日本HP、仮想化対応を強化したバックアップソフト新版

仮想マシンを一覧、ワンクリックで設定完了


 日本HPは6日、仮想化環境への対応を強化したデータ保護ソリューションの新版「HP Data Protector software(HP Data Protector) 6.2」を発売した。

 HP Data Protectorは、バックアップ・リカバリ環境を構築するデータ保護ソフト。仮想化対応の強化や運用の効率化を図った。


仮想環境への対応を強化

HP Data Protector 6.3の特徴
ワンクリックプロテクション:すべての仮想マシンが一覧表示され、チェックをつけるだけでバックアップポリシーを適用できる

 仮想環境で課題となるのが、物理/仮想混在環境におけるバックアップの複雑化。運用管理負荷は増大し、バックアップ漏れなども起こり得る。この課題を解決すべく、新版では仮想化に向けた新機能を複数搭載している。

 具体的には、新機能「ワンクリックプロテクション」を搭載した。すべての仮想マシンを一覧表示し、チェックボックスをクリックするだけで、簡単にあらかじめ設定しておいたポリシーを適用してバックアップが行える。

 「VMware vStorage API for Data Protection」にも対応。変更ブロックのトラッキングや、仮想マシンのバックアップ・リカバリ並列実行機能を搭載し、効率性を向上している。

 また、全体バックアップイメージからファイル単位でリカバリできる技術「Granular Recovery Extension」で仮想環境に対応。VMware上の個別ファイルごとのリストアが可能となった。

VMware上の個別ファイルごとのリストアが可能具体的にはSharePointの単一アイテムをリカバリするといったことができる



運用の効率化

 バックアップ運用の効率化としては、1つの画面で物理/仮想マシンからストレージ、アプリケーションまで一元管理できるシンプルな管理画面を提供し、ワンクリックでのバックアップ・リカバリを実現する。

 特に今回、異種ハードウェアのリストア機能、およびLinuxに完全対応した拡張自動障害復旧機能(EADR)を提供し、災害復旧への対応を強化している。
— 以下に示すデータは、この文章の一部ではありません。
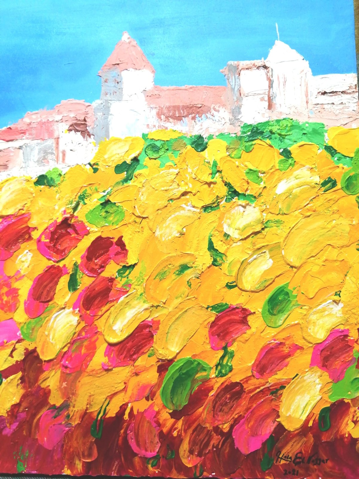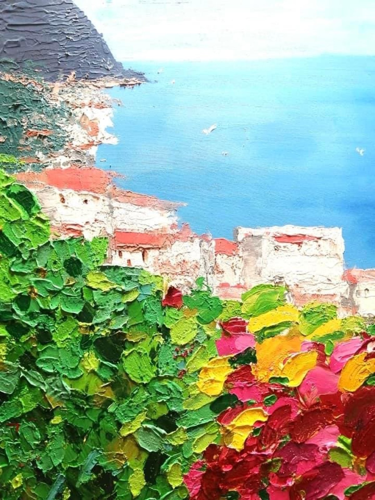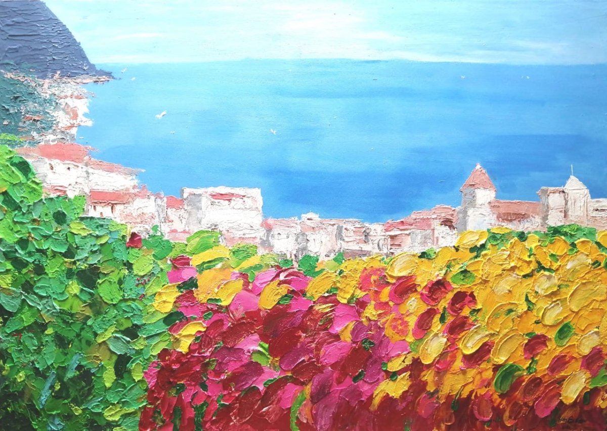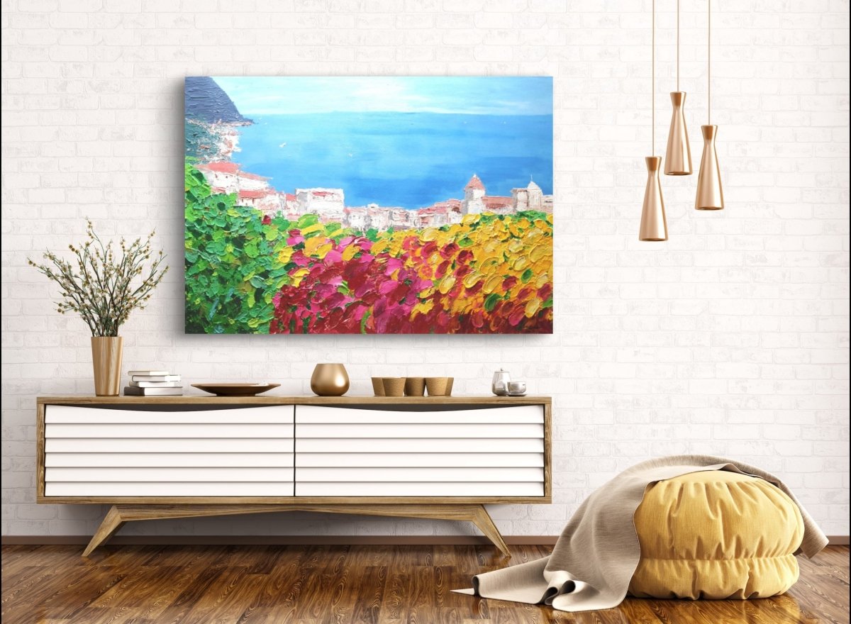 لوحة قماشية مشعة تصور جنة ساحلية، حيث ترقص الألوان النابضة بالحياة وسط مدينة ساحلية وحديقة مزهرة، مما يستحضر طاقة آسرة تبث الحياة والهدوء في المشهد، وتدعو المشاهدين إلى الانغماس في سحرها المضاء بأشعة الشمس.

EADRはデータ領域・システム領域双方のバックアップ・リカバリを可能にするもので、従来はWindowsのみでしか利用できなかったという。

 また、「Windows Server 2010 Data Availability Group(DAG)」に対応。複数サーバーに配置されたDAGコンポーネントをワンクリックプロテクションで簡単に保護できる。

 また「ゼロダウンタイムバックアップ(ZDB)機能」が3PAR製ストレージに対応し、「インスタントリカバリ機能」が「StorageWorks P4000」に対応するなど、機能拡張が図られた。


ライセンス体系の刷新

 ライセンス体系は新たにプラットフォームごとのスターターパックを基本ライセンスに位置づけ、より明確さを打ち出した。オプションで「追加ドライブ」「オンラインバックアップ」といったライセンスを購入することで、複雑な環境にも対応する。

 スターターパック使用権の価格は、Windows版/Linux版がそれぞれ18万7950円、HP-UX/SAN版が70万3500円。なお、HP Data Protectorでは、バックアップ対象となる物理サーバーの台数やCPUコアの数に影響を受けない独自体系を採用しており、無制限のクライアントライセンスが無料で付属する。

無制限のクライアントライセンスが付属する独自のライセンス体系他社製品と比べた価格優位性

 今後の方針としては、「パートナー施策を拡充し、HP製ハードウェアを取り扱うパートナーから、ハードウェア+HP Data Protectorのソリューションを提供できるよう体制を構築していく」(春木氏)としている。その第一弾として、横河レンタリースとSVI(Service Integrator)契約を締結。ハードウェア+HP Data Protectorの一貫した販売・構築・保守体制を整えたとした。